Today I feel sick to the stomach

I am blinded by a sense of loss.

This loss has no cause

but cause strife

this heartache knows no cause

but to cause misery in my life

This pain that fills my heart

knows no medicine, no relief,

except of that I can not reach.

Yesterday I felt misery at your misery

Today I feel misery at your happiness

Misery is a game that cannot be won

It’s a self-proclaimed damnation

A self-damning of the highest decree

to make yourself sad with out cause

or justification

I am not a warrior,

Today I am just a worrier.

I am not a survivor,

Today I am just the broken.

I am not happy,

Today I am just miserable.

Where do I find solace?

Sanctuary? My mind is a prison

That I am bound to, such

pains, I would rather see death

than to live out my days with this misery.

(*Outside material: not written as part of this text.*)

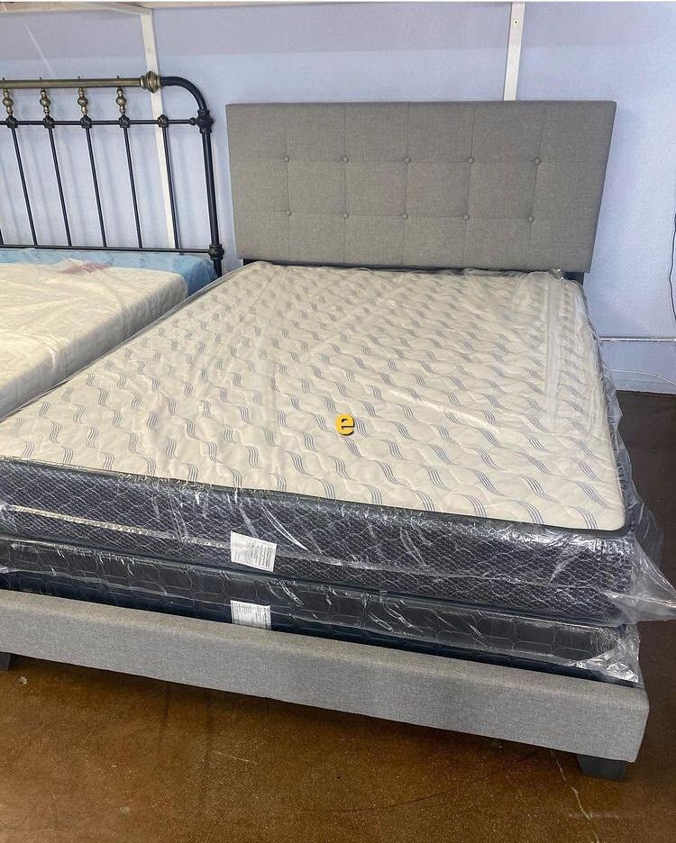 Brand New/ Gray Queen Bed Frame Cama// Mattress Sold Separately

Surely, there is a medicine for this illness

a medicine I am too cowardly to seek.

How does one alter a life long affliction as this?

How does one find a light in all this darkness?

How does one stop the heart from breaking?

These things have no cause, not purpose

they just are.

Today, I am not a warrior,

I am a worrier.

Today, I am not a survivor,

I am the weak.

Today I am not happy,

I am dying.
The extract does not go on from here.